Posted on December 07 2010

barefoot_book A few months ago I was contacted by Hunter House publishers and asked if I’d be willing to review a new book called “The Barefoot Book: 50 Great Reasons to Kick off Your Shoes.” The book, authored by Daniel Howell, Ph.D., is basically a thorough overview of the reasons why a person should consider adopting a barefoot lifestyle. It’s not a barefoot running book per se, though the topic is discussed, but moreso a treatise on all of the things that shoes do to harm us, and why going barefoot is better.

There’s a lot to like in this book – although I’m not a full-time barefoot kind of guy myself, I respect Howell for his devotion to the cause. Though it at times borders on idealistic, his discussion of the anatomical problems that shoes can cause are well done, his descriptions of the proper form and function of the foot are very readable and non lecture-like (he’s an anatomy professor like myself), and I agree with a lot of what is written in the book. Though I don’t go barefoot full-time, I do spend as much time as possible barefoot when at home, and generally prefer my shoes to be zero drop or nearly so when I run or go out and about, so we share common beliefs on those fronts. I also appreciate his discussion of the dangers of children’s shoes – as a father of three young children I encourage and allow them to be barefoot as much as possible, and am continually frustrated by the lack of anatomically shaped and non-heel-lifted children’s shoes. This is a problem in dire need of attention by shoe manufacturers – we need shoes that aren’t going to ruin our kids feet!

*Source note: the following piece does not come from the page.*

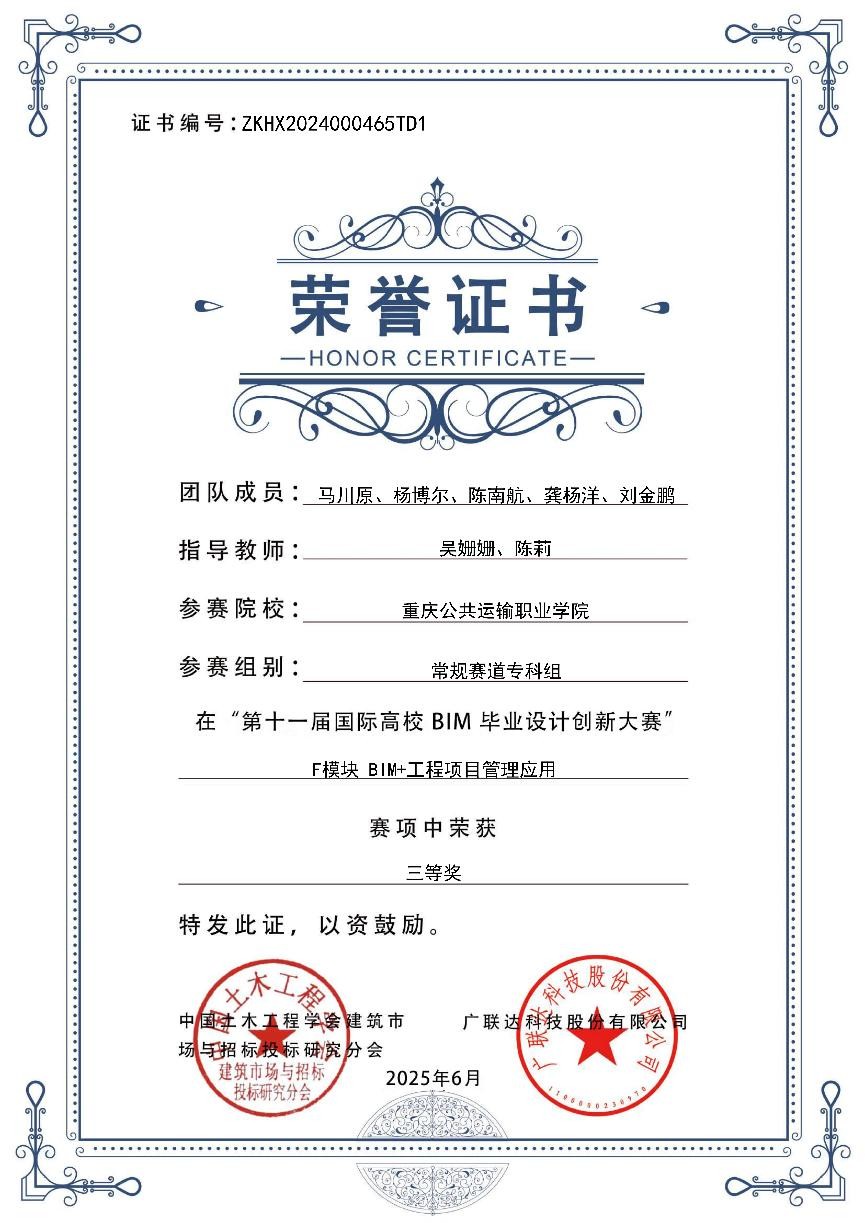 近日,第十一届国际高校BIM毕业设计创新大赛圆满落幕。电子游戏铁道与建筑学院学子表现出色,荣获“BIM+工程项目管理与应用”模块全国三等奖2项,指导老师为吴姗姗和陈莉。

Howell does have a chapter in the book in which he discusses footwear for those occasions when shoes are an absolute necessity (he covers things like huaraches, moccasins, Vibram Fivefingers, Vivo Barefoot, etc.), but it’s clear that he views even these as necessary evils. As a result, I would not recommend this book for someone who is interested in minimalist running and has no interest in being barefoot. However, if you’re open-minded and have an interest in barefooting, or even if you just want to learn a bit more about problems with the design of modern shoes, then Howell’s book is well worth a read.